The film takes the form of a video essay, and Andersen has a knack for editing — the clips are beautifully chosen, and seeing an iconic landmark like the Bradbury Building shift through the years, starting out as a backdrop for noir shadows in D.O.A. before becoming a desolate, dystopian wreck in Blade Runner, is fascinating. The way that Andersen showcases a film like 1967’s Point Blank illuminates how current movies, like this fall’s engrossing, imperfect Nightcrawler, stole liberally from its shots.

Andersen ties the clips together with judiciously placed, brilliantly cranky and idiosyncratic, narration. The voice is writer and editor Encke King, who has the monotone of a Ben Stein without the nasality, and he dryly details various little things that annoy Andersen regarding LA on film. (For example: Andersen even objects to the abbreviation “LA,” calling it an insult to the city itself in the film’s most hilarious, notorious rant.) He expounds on things you might have noticed in passing, like how Los Angeles is always seen through the haze (New York, on the other hand, is represented as crisp and sunny); how Blade Runner‘s 2019 imagines Los Angeles as the perfect city — one that’s functiona and not a suburb — by remaking it into, essentially, New York; and how its futuristic architecture — buildings by Frank Lloyd Wright and others — gives the city an authority it rarely deserves, as it’s an imperfect, screaming, immature teenager of a city, still figuring itself out.

At points — particularly when the NyQuil kicks in — the film feels, entertainingly, like a cranky old man complaining about how the movies are full of lies, but there’s such specific knowledge behind that crankiness that it comes off as quite endearing. Andersen is able to look at the place-setting behind storytelling, the backdrops to our dreams in 35 mm, and the result casts films in a new light of class, race, economics, and history. It’s also terrific fun just to see the sheer variety of films that have used the city as a backdrop, from the ’70s gay porn from which Los Angeles Plays Itself takes its title to the slapstick hilarity of What! No Beer? to a film from the 1930s about a woman leading a company — called, impressively, Female.

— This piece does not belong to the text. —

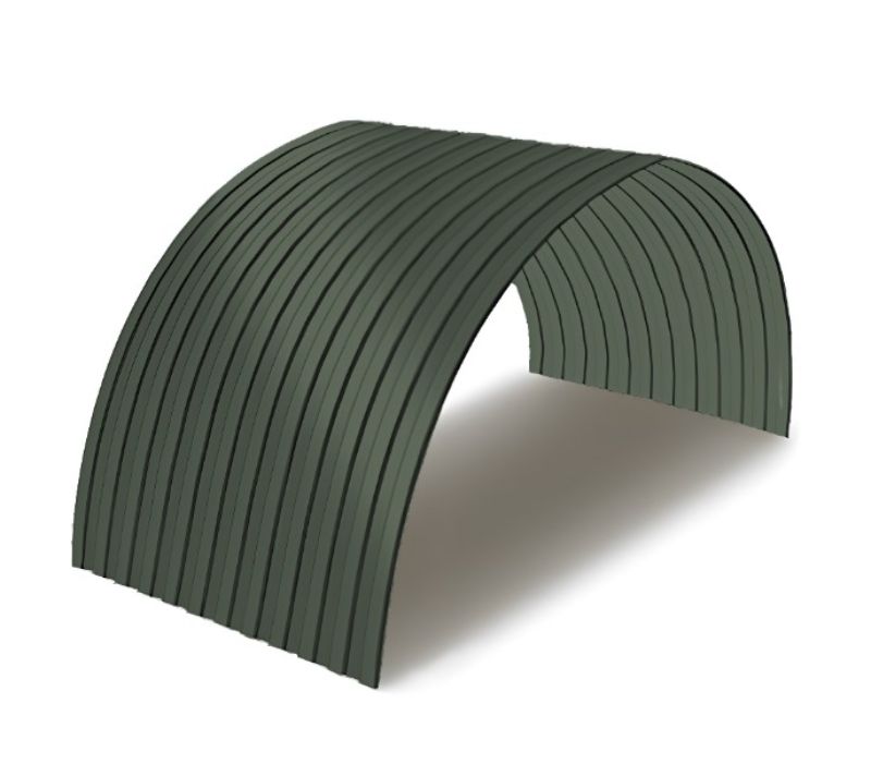 Профнастил для арочных перекрытий используется прежде всего при строительстве различных арочных конструкций, у которых существует определенный изгиб по радиусу. Он активно применяется при возведении ангаров, складов, зернохранилищ, различных округлых и полукруглых вариантов крыш и кровли. С его помощью можно построить как большое здание сельскохозяйственного назначения, так и красивый эстетичный навес для автомобиля площадью несколько квадратных метров. Основной отличительной особенностью данного вида профлиста является его изогнутая по радиусу форма, сформированная на специально предназначенной для этого профилегибочной линии. Радиус изгиба может быть самый разнообразный, и зависит прежде всего, от требований заказчика и характеристик будущего здания. Плюсами такого материала являются как его изготовление в заводских условиях, так и геометрическая точность, в результате чего стыки листов практически не видны и конструкция выглядит действительно монолитной.

By the time you reach hour three, and Andersen is talking about the racial divides that shape Los Angeles, showing how films like The Exiles, El Norte, American Me, Bush Mama, and Killer of Sheep paint a neorealist portrait of life in the real city, you’ll want the film to run for three more hours. It could, easily. “Forget the mystical blatherings by Joan Didion and company about freeways. They say nobody walks, but it’s not rich white people like us who walk,” the narrator says, as we see the working-class heroine of Bush Mama walking. By the time filmmakers start showing us how Los Angeles really looks, without the pomp and flash of big-budget studio movies, we understand the economics and energy that got us to this point.

As someone writing this piece from New York City, it’s easy to shrug at Los Angeles, the (other) Wild West that forever beckons. And a first time in Los Angeles is odd and bewildering, as captured with a near-documentary verisimilitude in Woody Allen’s Annie Hall. But through Andersen’s masterpiece, Los Angeles becomes even more real, becoming less of a Shangri-La and gaining something like a solid shape; the streets and history of a real city, with all the complexity that entails.